Cambodia slides into despotism
In one of the last editions of the Cambodia Daily newspaper, the headline ran as follows: “Descent into outright dictatorship”. It ran above a picture of Cambodia’s main opposition leader being arrested in a midnight raid.
The independent English-language newspaper, which began publishing in 1993, was shut down last week by the prime minister, Hun Sen, in response to its reporting on his regime’s assault on the rights and freedoms of Cambodians.
With the arrest of opposition leader Kem Sokha, Hun Sen has stepped up repression, exposing his insecurity ahead of a general election scheduled for July 2018 that threatens to end his three decades in power.
He has ordered his citizens to refer to him as “glorious supreme prime minister and powerful commander”, vowed to stay in office for “not less than 10 more years” and openly threatened a return to civil war if his party did not win the election “at all stages”. Coming from a former commander in the Khmer Rouge, which instigated a genocide in the 1970s in which millions died, these are not idle threats.
For decades, Hun Sen’s autocratic tendencies have been constrained by his country’s reliance on western aid, which is usually tied to good governance and democracy benchmarks.
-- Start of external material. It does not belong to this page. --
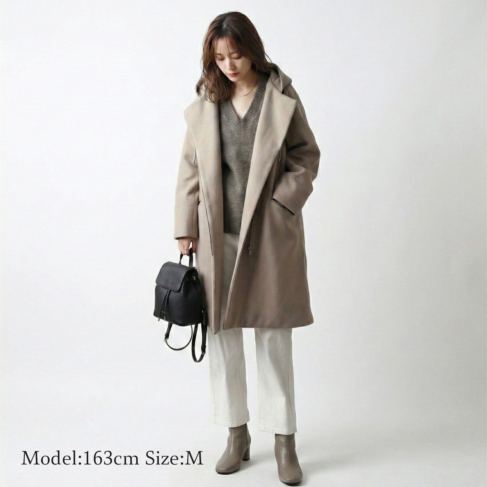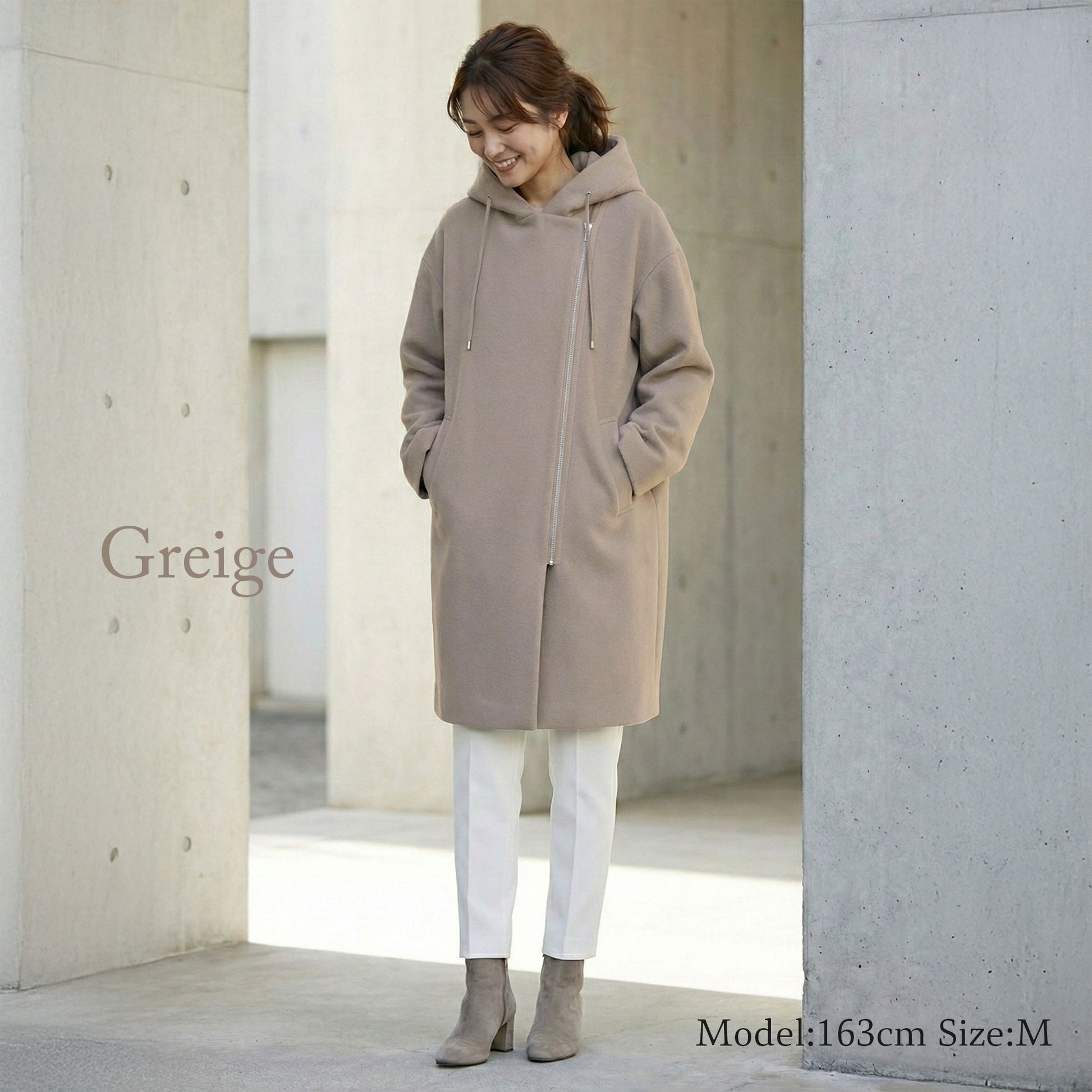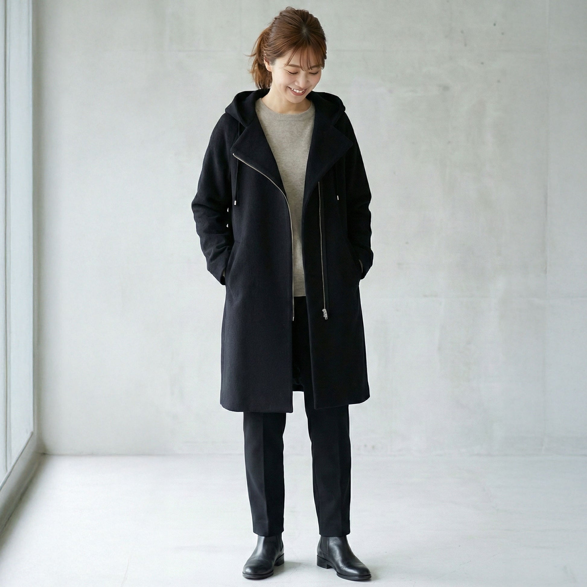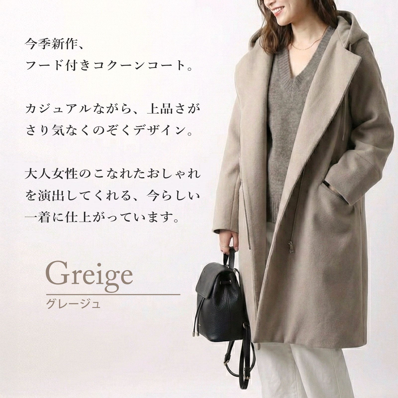 ドライクリーニングできます。厚みがありながら軽量でソフトなフラノ調フェイクウール素材。総裏地(タフタ)。フード付き。フードに絞りヒモあり。前ジップファスナー開閉。サイドポケット有り。日本ブランド商品、今季新作。生産国:ミャンマー。

But billions of dollars in state-driven investment from China in recent years have allowed him to indulge his true political inclinations.
Hun Sen’s vow to fight against “puppets of foreigners” is laughable given his reliance on Beijing — and Cambodia’s de facto position as a client state of China. Tellingly, amid the international condemnation that followed last week’s crackdown, the only country to express support for Hun Sen’s “effort to uphold national security and stability” was China. London, September 8.